* How to complete this task
Exercise in exact copying: restate word for word only the lines below from the one containing "그 외 결과선(T)가" through the one containing "为了打造智慧浙江在外贸网商群", omitting any pictures.

(Records shown Opens)

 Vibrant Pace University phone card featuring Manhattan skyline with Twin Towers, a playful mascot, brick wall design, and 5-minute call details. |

(Records shown Closes)
(Records shown Opens)

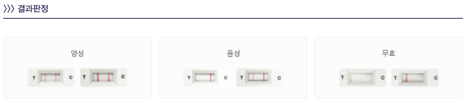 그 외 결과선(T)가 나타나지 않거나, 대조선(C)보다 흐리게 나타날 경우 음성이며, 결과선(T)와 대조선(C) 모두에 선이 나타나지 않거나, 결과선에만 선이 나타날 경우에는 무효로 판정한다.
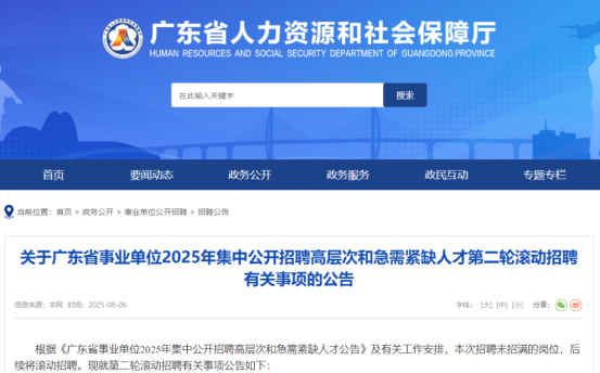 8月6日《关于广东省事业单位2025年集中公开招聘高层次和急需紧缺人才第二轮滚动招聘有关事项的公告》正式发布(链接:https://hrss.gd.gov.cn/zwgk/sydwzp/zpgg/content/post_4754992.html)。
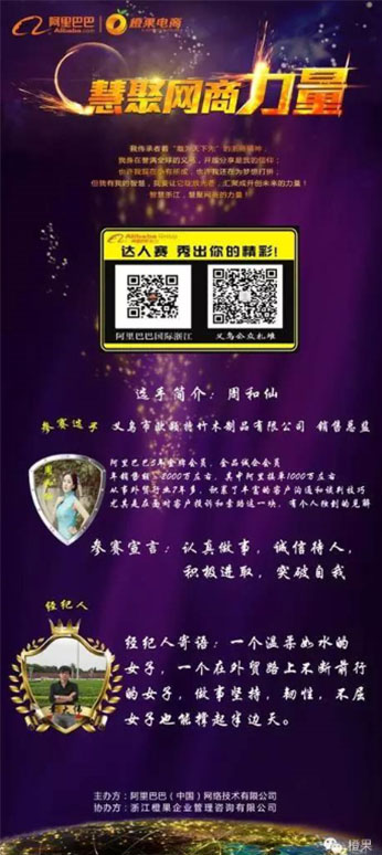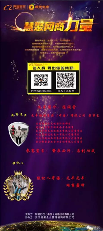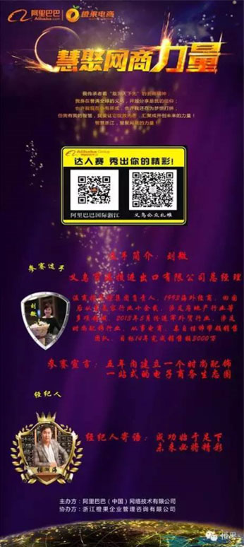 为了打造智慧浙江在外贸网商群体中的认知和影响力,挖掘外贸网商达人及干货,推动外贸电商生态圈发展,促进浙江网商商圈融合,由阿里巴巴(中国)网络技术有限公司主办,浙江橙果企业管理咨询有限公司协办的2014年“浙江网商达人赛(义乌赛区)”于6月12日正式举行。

(Records shown Closes)

* Expected answer
 그 외 결과선(T)가 나타나지 않거나, 대조선(C)보다 흐리게 나타날 경우 음성이며, 결과선(T)와 대조선(C) 모두에 선이 나타나지 않거나, 결과선에만 선이 나타날 경우에는 무효로 판정한다.
 8月6日《关于广东省事业单位2025年集中公开招聘高层次和急需紧缺人才第二轮滚动招聘有关事项的公告》正式发布(链接:https://hrss.gd.gov.cn/zwgk/sydwzp/zpgg/content/post_4754992.html)。
 为了打造智慧浙江在外贸网商群体中的认知和影响力,挖掘外贸网商达人及干货,推动外贸电商生态圈发展,促进浙江网商商圈融合,由阿里巴巴(中国)网络技术有限公司主办,浙江橙果企业管理咨询有限公司协办的2014年“浙江网商达人赛(义乌赛区)”于6月12日正式举行。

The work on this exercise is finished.